--- EXTRACTED DATA Enclosed Below ---
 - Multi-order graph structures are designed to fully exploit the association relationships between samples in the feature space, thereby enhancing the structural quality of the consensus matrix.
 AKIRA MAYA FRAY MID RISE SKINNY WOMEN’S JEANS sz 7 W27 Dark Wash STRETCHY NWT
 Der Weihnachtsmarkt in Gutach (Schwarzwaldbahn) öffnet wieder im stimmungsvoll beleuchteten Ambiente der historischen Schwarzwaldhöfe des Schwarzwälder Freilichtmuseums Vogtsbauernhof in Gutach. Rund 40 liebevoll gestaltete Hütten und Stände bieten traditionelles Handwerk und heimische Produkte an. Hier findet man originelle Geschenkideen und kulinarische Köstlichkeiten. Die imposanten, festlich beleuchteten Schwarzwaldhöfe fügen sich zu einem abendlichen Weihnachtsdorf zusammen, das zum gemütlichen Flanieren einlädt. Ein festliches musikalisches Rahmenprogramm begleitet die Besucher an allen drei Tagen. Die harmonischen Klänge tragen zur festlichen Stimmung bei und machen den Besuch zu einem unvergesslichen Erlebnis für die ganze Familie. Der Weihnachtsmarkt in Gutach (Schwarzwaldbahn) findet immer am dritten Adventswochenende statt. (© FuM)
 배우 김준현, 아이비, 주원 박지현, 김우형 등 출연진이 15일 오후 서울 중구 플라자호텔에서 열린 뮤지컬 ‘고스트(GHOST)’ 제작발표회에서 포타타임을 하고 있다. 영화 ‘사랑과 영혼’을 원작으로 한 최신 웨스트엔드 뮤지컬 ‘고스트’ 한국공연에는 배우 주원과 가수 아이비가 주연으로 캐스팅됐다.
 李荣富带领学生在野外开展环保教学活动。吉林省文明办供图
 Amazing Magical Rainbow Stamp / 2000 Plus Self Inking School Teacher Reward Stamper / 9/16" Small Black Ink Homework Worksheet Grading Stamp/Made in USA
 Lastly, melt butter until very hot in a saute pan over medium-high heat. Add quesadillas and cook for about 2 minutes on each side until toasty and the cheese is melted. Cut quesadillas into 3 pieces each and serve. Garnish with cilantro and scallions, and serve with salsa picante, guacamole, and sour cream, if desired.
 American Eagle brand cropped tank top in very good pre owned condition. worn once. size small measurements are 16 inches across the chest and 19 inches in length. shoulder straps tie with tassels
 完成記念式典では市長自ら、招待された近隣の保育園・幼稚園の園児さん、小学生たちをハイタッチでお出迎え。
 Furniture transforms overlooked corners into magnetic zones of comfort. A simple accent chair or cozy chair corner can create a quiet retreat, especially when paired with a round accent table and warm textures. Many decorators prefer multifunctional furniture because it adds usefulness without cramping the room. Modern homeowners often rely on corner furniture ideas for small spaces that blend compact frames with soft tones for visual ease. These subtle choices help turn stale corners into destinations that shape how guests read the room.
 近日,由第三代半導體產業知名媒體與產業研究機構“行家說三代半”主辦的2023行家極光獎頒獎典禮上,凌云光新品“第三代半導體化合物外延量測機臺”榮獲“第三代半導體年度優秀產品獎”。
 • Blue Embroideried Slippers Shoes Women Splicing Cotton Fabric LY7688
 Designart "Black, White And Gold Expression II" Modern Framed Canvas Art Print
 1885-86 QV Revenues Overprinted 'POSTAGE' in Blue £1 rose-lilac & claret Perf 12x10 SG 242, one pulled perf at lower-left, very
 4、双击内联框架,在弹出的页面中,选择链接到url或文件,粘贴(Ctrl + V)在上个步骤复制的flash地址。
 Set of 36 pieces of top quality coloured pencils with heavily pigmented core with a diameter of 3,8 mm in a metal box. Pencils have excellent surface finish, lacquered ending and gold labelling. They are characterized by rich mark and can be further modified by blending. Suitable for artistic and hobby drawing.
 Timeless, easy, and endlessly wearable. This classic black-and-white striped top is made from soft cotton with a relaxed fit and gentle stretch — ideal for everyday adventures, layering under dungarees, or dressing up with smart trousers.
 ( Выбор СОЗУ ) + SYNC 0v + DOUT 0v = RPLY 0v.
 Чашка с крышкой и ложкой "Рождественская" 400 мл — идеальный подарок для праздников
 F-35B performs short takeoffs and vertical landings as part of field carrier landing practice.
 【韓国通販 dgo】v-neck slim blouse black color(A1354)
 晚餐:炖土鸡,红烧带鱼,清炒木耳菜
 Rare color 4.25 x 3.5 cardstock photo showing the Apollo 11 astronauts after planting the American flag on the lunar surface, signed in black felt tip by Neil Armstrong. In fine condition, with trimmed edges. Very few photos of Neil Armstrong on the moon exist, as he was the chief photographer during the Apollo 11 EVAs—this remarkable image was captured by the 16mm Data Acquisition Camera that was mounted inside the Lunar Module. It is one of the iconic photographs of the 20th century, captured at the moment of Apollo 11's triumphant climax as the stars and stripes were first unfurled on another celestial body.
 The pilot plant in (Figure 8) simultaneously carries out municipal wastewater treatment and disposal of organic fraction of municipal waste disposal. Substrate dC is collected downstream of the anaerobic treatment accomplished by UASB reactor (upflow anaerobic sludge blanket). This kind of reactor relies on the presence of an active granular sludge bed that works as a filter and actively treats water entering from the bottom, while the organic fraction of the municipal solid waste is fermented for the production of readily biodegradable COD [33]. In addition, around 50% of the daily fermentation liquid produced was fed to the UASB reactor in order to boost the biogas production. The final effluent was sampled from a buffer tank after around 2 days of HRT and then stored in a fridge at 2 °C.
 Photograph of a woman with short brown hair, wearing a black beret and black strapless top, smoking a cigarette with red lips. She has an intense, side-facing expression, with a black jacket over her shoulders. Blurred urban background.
--- End of Enclosed EXTRACTED DATA ---
EXERCISE OBJECTIVE:
Above is a listing; print exactly its lines from the one with "1885-86 QV Revenues" through the one with "晚餐:炖土鸡,红烧带鱼,清炒木耳菜", and no other lines.

WRITTEN RESPONSE:
 1885-86 QV Revenues Overprinted 'POSTAGE' in Blue £1 rose-lilac & claret Perf 12x10 SG 242, one pulled perf at lower-left, very
 4、双击内联框架,在弹出的页面中,选择链接到url或文件,粘贴(Ctrl + V)在上个步骤复制的flash地址。
 Set of 36 pieces of top quality coloured pencils with heavily pigmented core with a diameter of 3,8 mm in a metal box. Pencils have excellent surface finish, lacquered ending and gold labelling. They are characterized by rich mark and can be further modified by blending. Suitable for artistic and hobby drawing.
 Timeless, easy, and endlessly wearable. This classic black-and-white striped top is made from soft cotton with a relaxed fit and gentle stretch — ideal for everyday adventures, layering under dungarees, or dressing up with smart trousers.
 ( Выбор СОЗУ ) + SYNC 0v + DOUT 0v = RPLY 0v.
 Чашка с крышкой и ложкой "Рождественская" 400 мл — идеальный подарок для праздников
 F-35B performs short takeoffs and vertical landings as part of field carrier landing practice.
 【韓国通販 dgo】v-neck slim blouse black color(A1354)
 晚餐:炖土鸡,红烧带鱼,清炒木耳菜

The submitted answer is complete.